• What the exercise asks
Reproduce the lines below exactly, from the one containing "- Nas mensagens" through the one containing "Help your favorite", both included. Leave out any pictures.

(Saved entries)
○ ○ ○ ○ ○ ○ ○

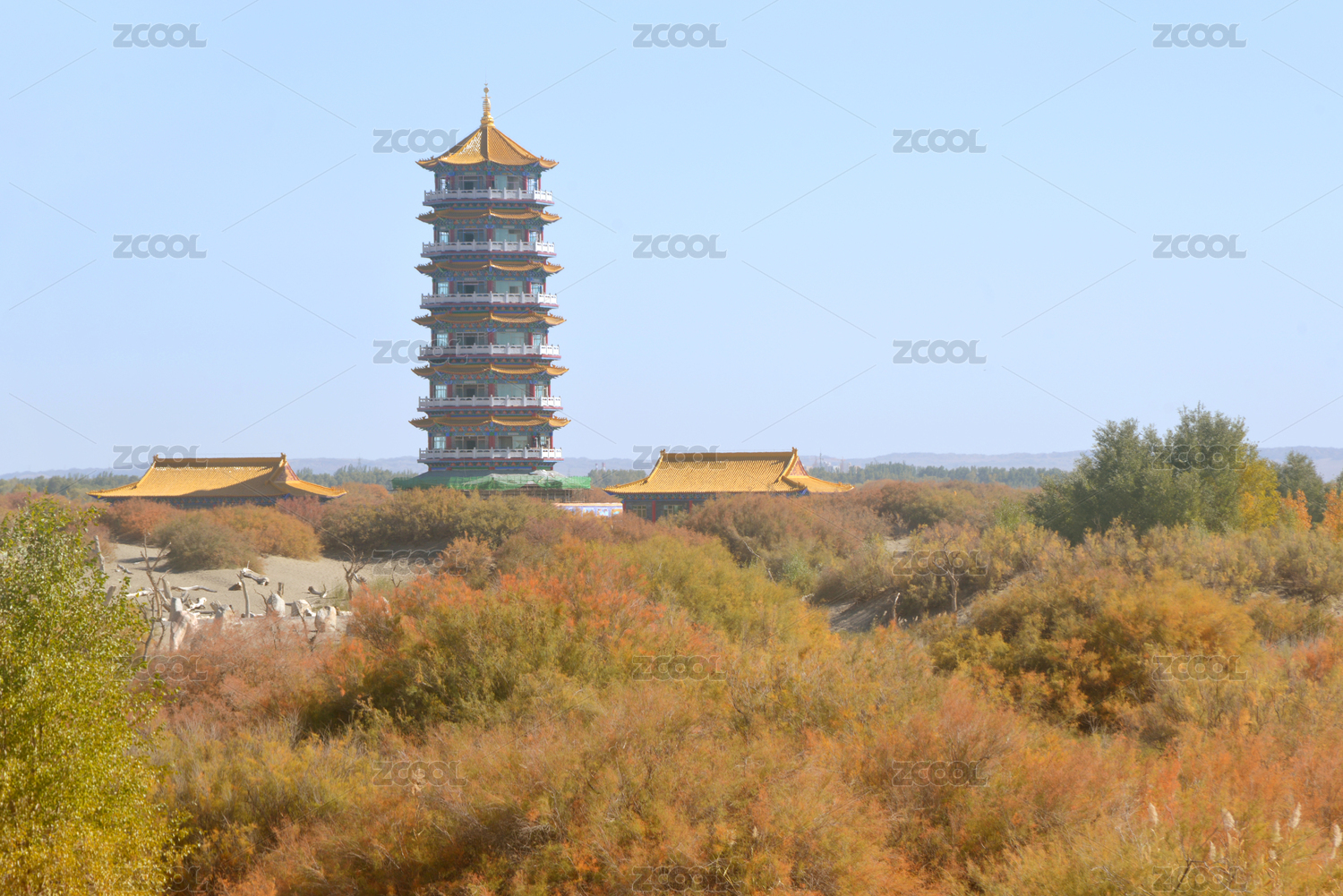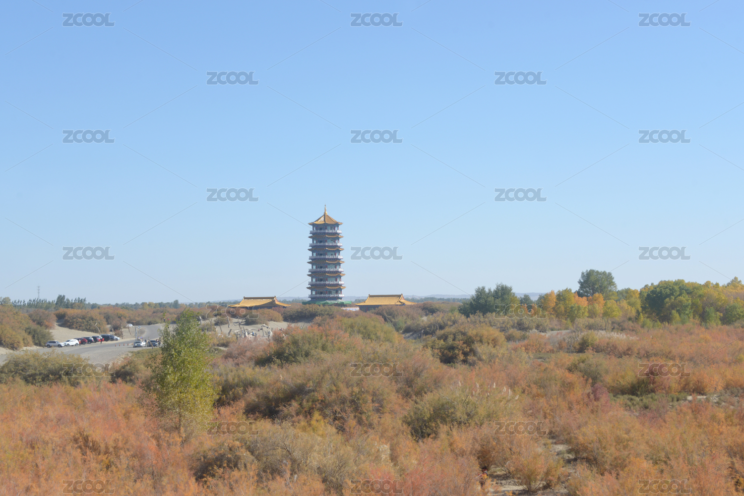 甘肅金塔胡楊林景區(qū)紅柳灌木林及金塔高塔
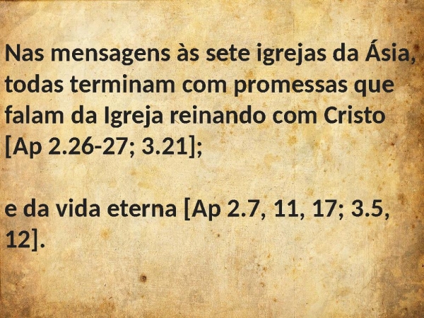 - Nas mensagens às sete igrejas da Ásia, todas terminam com promessas que falam da Igreja reinando com Cristo [Ap 2.26-27; 3.21];e da vida eterna [Ap 2.7, 11, 17; 3.5, 12].
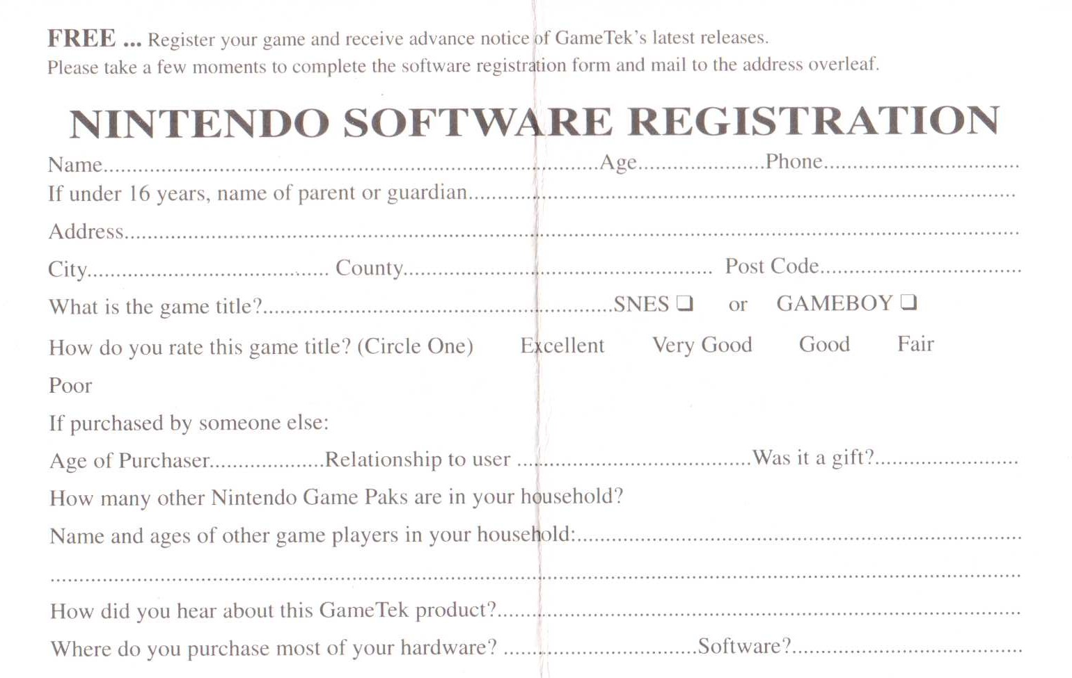 (pwc) Dem Spiel Pinball Deluxe liegt eine Software Registration Card bei. Gebt persönliche Daten preis und macht Angaben über euer Kaufverhalten. GAMETEK wird es freuen!
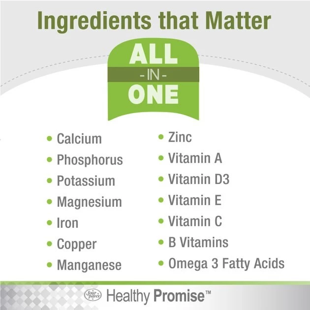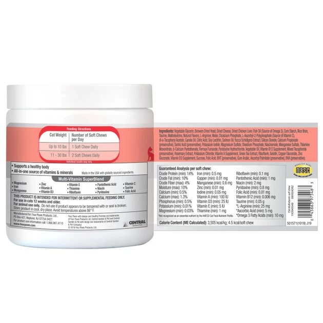 Help your favorite furry paw-tner stay at the top of her game with Four Paws Healthy Promise Multi-Vitamin All-In-One Chicken Flavor Soft Chews Cat Supplement. This all-in-one chew is loaded with essential vitamins and minerals to help your cat stay active and well. A blend of magnesium, iron, zinc and vitamin C all work to support your kitty’s immune system and overall health, while the tasty chicken flavor makes this supplement easy to enjoy. These quality supplements are also made in the USA and feature the National Animal Supplement Council’s (NASC) seal of approval. It’s just the boost your precious pal needs for a healthy and happy lifestyle!
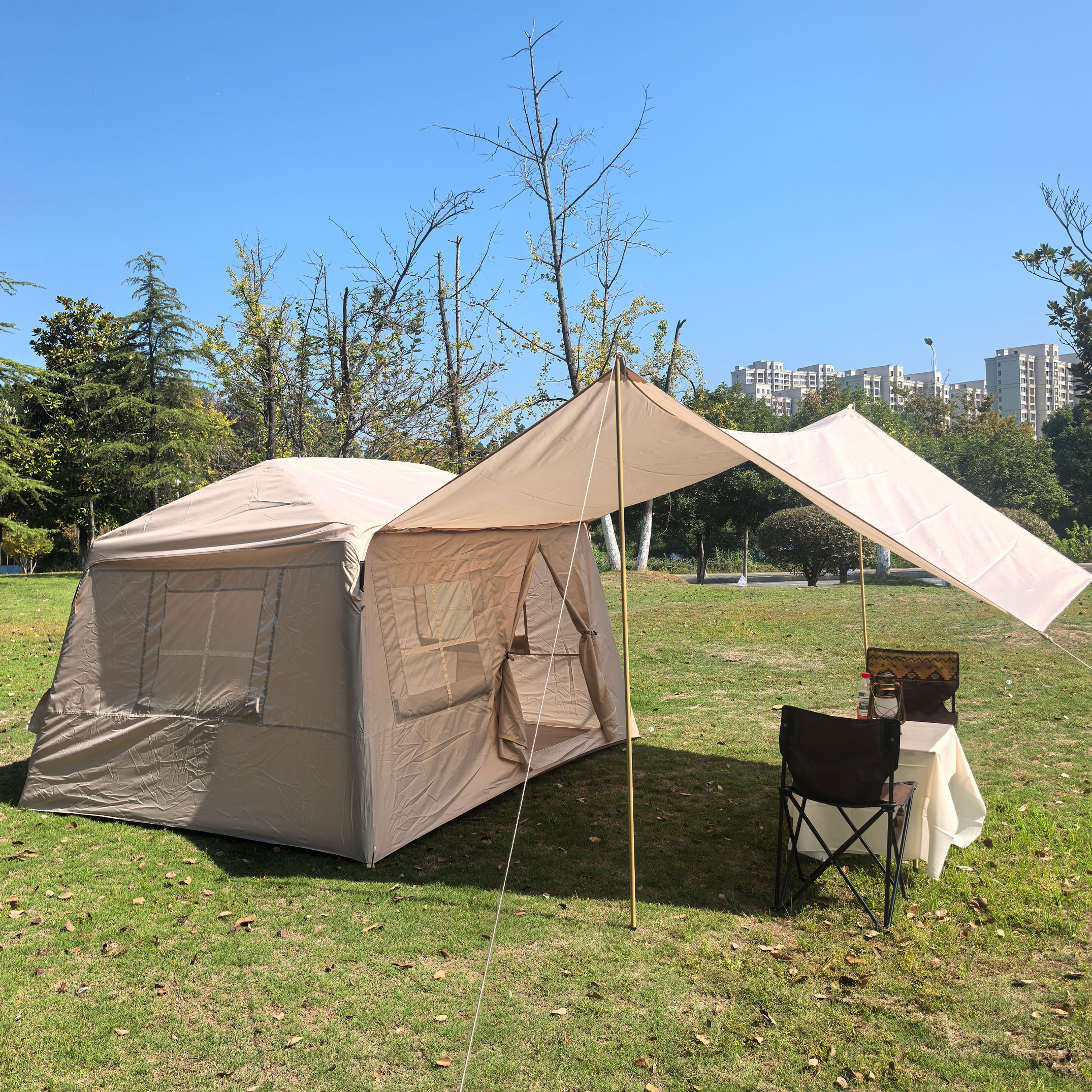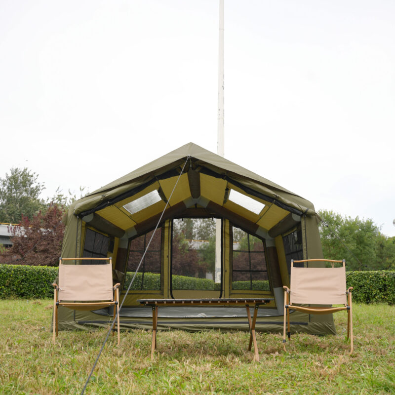 Inside, the tent offers generous living space with optimized height and layout for comfort. Large mesh windows and vent openings ensure excellent airflow and visibility while keeping insects out. The integrated groundsheet, reinforced seams, and heavy-duty anchor points improve overall stability and safety in outdoor environments.
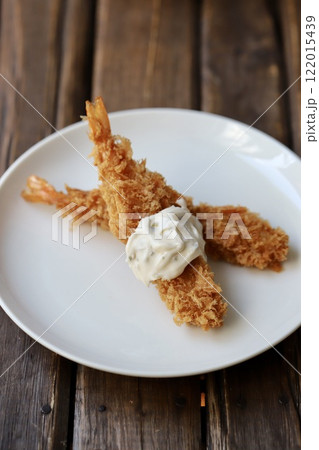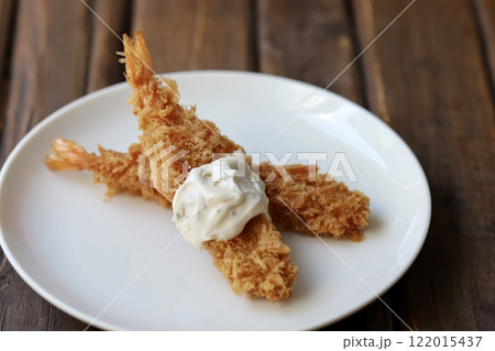 タルタルソースをかけたザクザク衣の真っ直ぐエビフライ
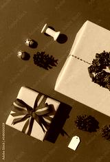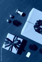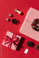 Christmas or New Year pink gift boxes concept composition. Winter holiday greeting card. Top view
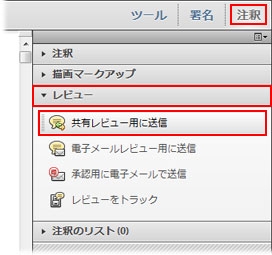 「注釈」ツールパネルウィンドウを開き、「レビュー」から「共有レビュー用に送信」をクリックします。

○ ○ ○ ○ ○ ○ ○

• Finished task
 - Nas mensagens às sete igrejas da Ásia, todas terminam com promessas que falam da Igreja reinando com Cristo [Ap 2.26-27; 3.21];e da vida eterna [Ap 2.7, 11, 17; 3.5, 12].
 (pwc) Dem Spiel Pinball Deluxe liegt eine Software Registration Card bei. Gebt persönliche Daten preis und macht Angaben über euer Kaufverhalten. GAMETEK wird es freuen!
 Help your favorite furry paw-tner stay at the top of her game with Four Paws Healthy Promise Multi-Vitamin All-In-One Chicken Flavor Soft Chews Cat Supplement. This all-in-one chew is loaded with essential vitamins and minerals to help your cat stay active and well. A blend of magnesium, iron, zinc and vitamin C all work to support your kitty’s immune system and overall health, while the tasty chicken flavor makes this supplement easy to enjoy. These quality supplements are also made in the USA and feature the National Animal Supplement Council’s (NASC) seal of approval. It’s just the boost your precious pal needs for a healthy and happy lifestyle!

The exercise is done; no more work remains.